◆ **Task instructions**
The material below has pictures in it. Set down only the lines from the line containing "戶外柴油灶 | ||||||" through the line containing "Hitachi BX70 BX70D", word for word, and leave the pictures behind.

◆ **Records for processing**
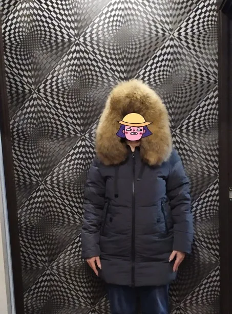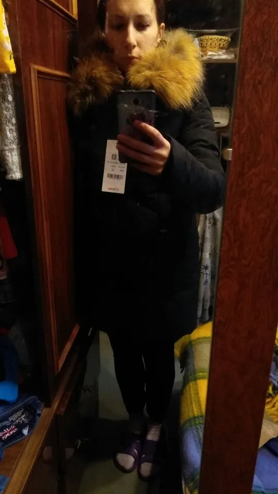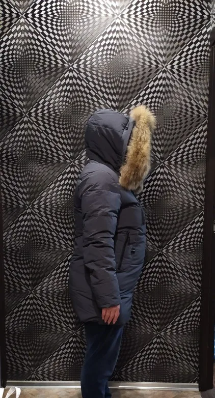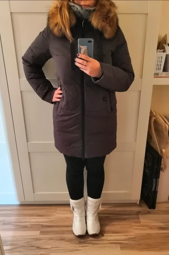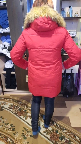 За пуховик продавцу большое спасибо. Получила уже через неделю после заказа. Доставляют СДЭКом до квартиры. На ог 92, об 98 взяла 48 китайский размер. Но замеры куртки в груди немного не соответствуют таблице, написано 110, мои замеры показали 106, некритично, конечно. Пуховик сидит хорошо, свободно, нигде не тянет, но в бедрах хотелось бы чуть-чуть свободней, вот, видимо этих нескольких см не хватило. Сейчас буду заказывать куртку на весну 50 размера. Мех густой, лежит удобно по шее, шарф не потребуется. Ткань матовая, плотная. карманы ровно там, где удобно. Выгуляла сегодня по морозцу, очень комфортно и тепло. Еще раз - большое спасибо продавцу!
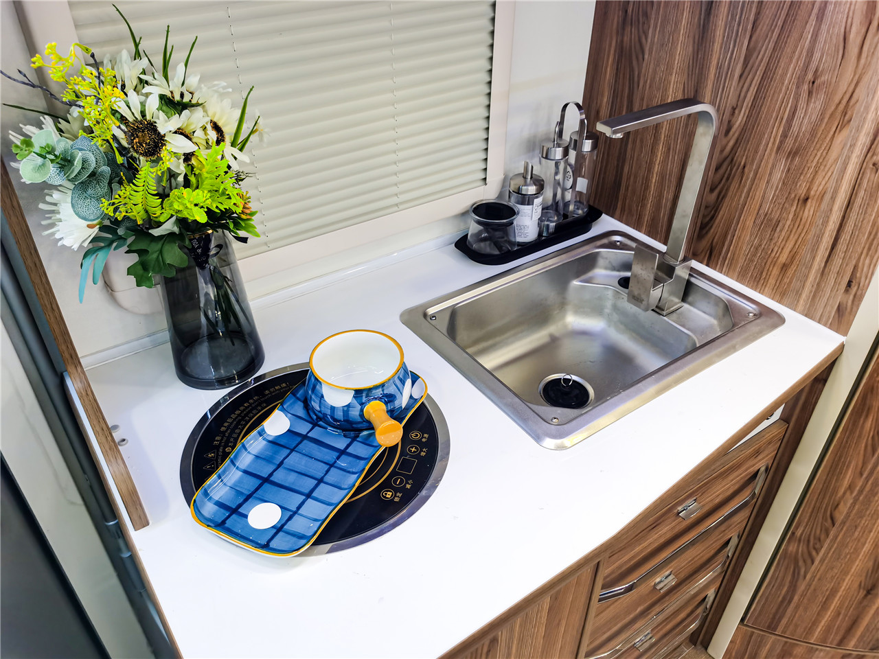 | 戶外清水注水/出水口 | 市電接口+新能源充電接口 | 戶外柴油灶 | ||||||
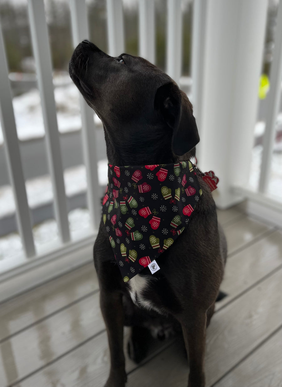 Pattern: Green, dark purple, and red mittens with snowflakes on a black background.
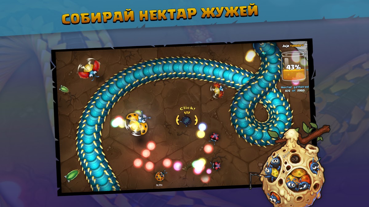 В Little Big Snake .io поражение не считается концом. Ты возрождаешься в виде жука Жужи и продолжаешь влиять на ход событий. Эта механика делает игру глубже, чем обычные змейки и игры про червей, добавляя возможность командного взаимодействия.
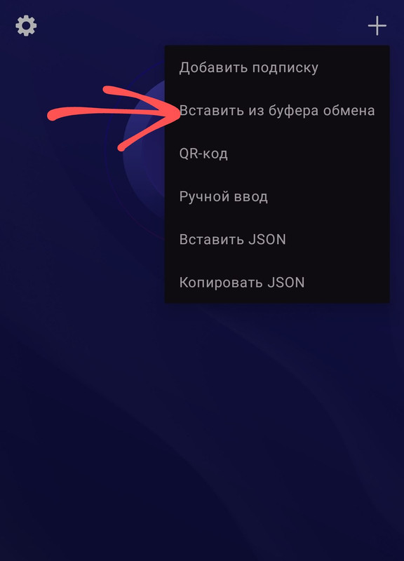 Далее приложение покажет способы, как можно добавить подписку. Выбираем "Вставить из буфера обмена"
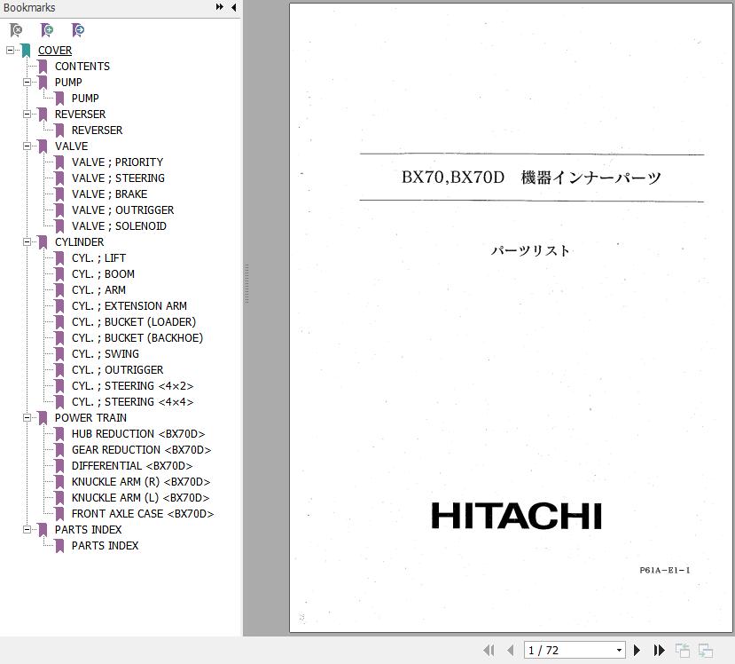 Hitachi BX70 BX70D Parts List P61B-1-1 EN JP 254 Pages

==

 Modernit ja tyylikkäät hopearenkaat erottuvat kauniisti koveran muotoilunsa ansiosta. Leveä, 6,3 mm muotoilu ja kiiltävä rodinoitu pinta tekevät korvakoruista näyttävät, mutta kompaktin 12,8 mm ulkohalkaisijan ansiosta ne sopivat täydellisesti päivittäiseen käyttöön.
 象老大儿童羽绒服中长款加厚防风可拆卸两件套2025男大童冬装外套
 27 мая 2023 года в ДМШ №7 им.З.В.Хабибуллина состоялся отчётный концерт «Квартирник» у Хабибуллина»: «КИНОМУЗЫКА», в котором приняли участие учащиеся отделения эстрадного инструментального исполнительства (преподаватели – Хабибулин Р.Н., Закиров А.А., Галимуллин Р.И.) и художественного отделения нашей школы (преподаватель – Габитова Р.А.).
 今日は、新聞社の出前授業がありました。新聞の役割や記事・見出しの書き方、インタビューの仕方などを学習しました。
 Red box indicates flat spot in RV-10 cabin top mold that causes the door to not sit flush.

◆ **Solution to this exercise**
 | 戶外清水注水/出水口 | 市電接口+新能源充電接口 | 戶外柴油灶 | ||||||
 Pattern: Green, dark purple, and red mittens with snowflakes on a black background.
 В Little Big Snake .io поражение не считается концом. Ты возрождаешься в виде жука Жужи и продолжаешь влиять на ход событий. Эта механика делает игру глубже, чем обычные змейки и игры про червей, добавляя возможность командного взаимодействия.
 Далее приложение покажет способы, как можно добавить подписку. Выбираем "Вставить из буфера обмена"
 Hitachi BX70 BX70D Parts List P61B-1-1 EN JP 254 Pages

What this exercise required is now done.